Correlation

calculates the correlation between two series of data.

Input

It takes in a DataFrame and transforms it to another DataFrame

Output

The input DataFrame is passed along to the next Processors

Type

transform

Class

fire.nodes.ml.NodeCorrelation

Fields

Name

Title

Description

title

Title

inputCols

Input Column for Correlation

Column Names to check correlation

Details

Correlation Node Details

Correlation is to measure if two variables or two feature columns tend to move in together in same or opposite direction. The idea is to detect if one variable or feature column can be predicted by another variable or feature column.

The Correlation node uses the method of Pearson’s correlation for checking correlation between two continuous variables (or feature columns)

Input Parameters

  • OUTPUT STORAGE LEVEL : Keep this as DEFAULT.

  • TITLE : A short description to summarizes what the data depicts.

  • INPUT COLUMN FOR CORRELATION :

  • Available : A list of numeric columns derived from the input dataframe schema.

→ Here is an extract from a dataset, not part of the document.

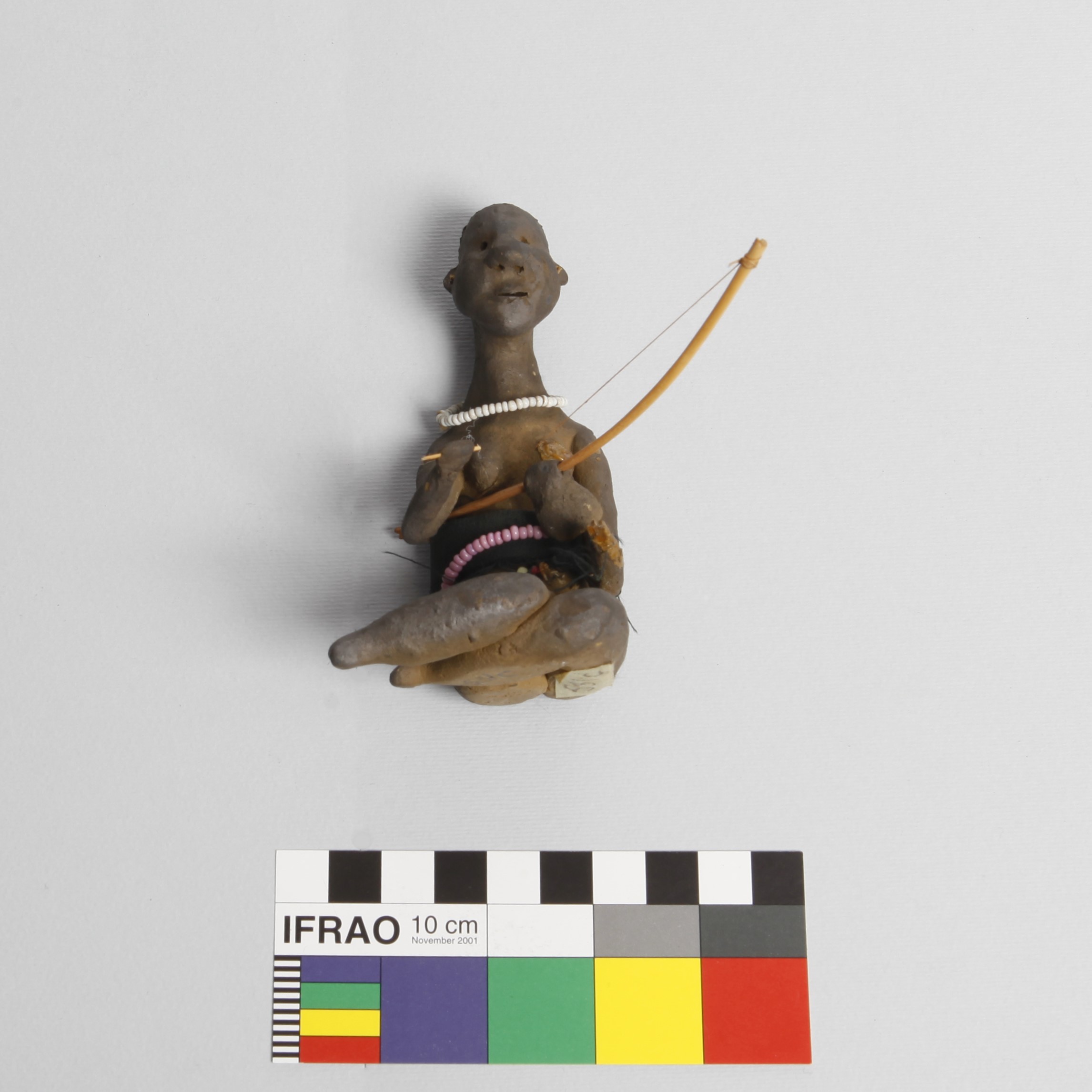KZNM metadata [Source - Chloe Rushovich for FHYA, 2016, using KwaZulu Natal Museum Catalogue Card: Cultural Affinity: Zulu Provenance: Edendale, Natal Function: Girl holding musical bow and stick Raw materials: Clay, beads Comments: Work of a Zulu girl, slightly damaged. See card 531. May 1995 - playing stick very broken Method Obtained: Pur - Rev. Father Mayr 1906.]

  • Selected : A list of numeric columns among which the correlation is to be predicted.

Examples

Correlation Node Example

For a given dataframe having the below schema:

Course  | Amount | Discount|
(String)| Double | Double  |
----------------------------

We can select the Amount and Discount fields for which we need to find the correlation.

This will yield three separate output sections:

  • A Correlation Table

  • A Correlation Matrix &

  • A sample data values of the input dataframe